Barker’s flair is for the interplay between characters, particularly the often brutal dynamics between parents, teenagers and small children. Jem, who at 16 is old enough to be appalled by his mother’s increasing detachment, yet young enough to be deeply hurt by his parents’ unravelling marriage, is especially well drawn. And not only does Barker’s prose often ooze delicious sexual tension, but her lush descriptions of a summer garden or a walk in a bluebell wood were enough to make me grab my Barbour.

Millions of Women are Waiting to Meet You (Bloomsbury, pp. 312, £10.99) chronicles Sean Thomas’s attempts at internet dating, an idea pitched to him by his magazine editor. Well, it was either that, apparently, or spending the rest of his life ‘eating scotch eggs from Texaco’. From the prologue we know that Thomas ends up on a rooftop struggling to propose to Claire. To find out how he got there you must read another 300 pages of ‘jock’-ular confessional, including ruminations on porn addiction, ex-girlfriends, and anal sex.
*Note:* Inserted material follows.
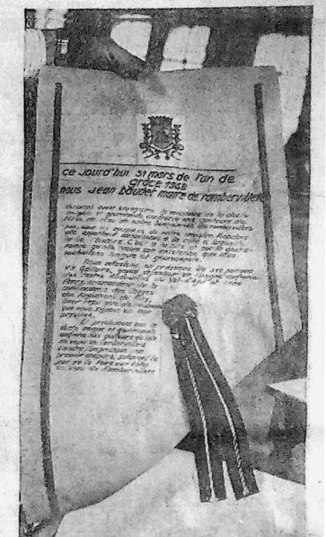
L'acte de naissance a été dressé sur parchemin revêtu d'un sceau moiré très parlant de l'histoire de Dieux. Verre, hémis — Un seul tiers, celui des chanoines, avec le n° 431, fut conféré. Il y eut trois armoiries. Les vœux — deux Rambouvettaise et une Manchevaine — et qui l'on était mis vers de la capitale des baronnets à la Foire aux Têtes de Veaux se participent par l'œuvre officielle les 15000 AF clubistes par la générale Orléans d'Espain.

Les convives n'auraient pas le temps d'essayer un los à la gloire de ces délicieuses, car dès 12 h 30, commença le grand marathon des spectacles, et ils furent évacués la table.

It’s a sort of Bridget Jones meets Men Behaving Badly, as told by some chap who thinks he’s the life and soul of the party. Mildly amusing as an article, this exposé of Thomas’s entire psychosexual history is wanky (to use an apposite Thomist adjective) and scarcely credible as a book. Still, my husband laughed out loud, repeatedly. Must be a boy thing. Git-lit, possibly.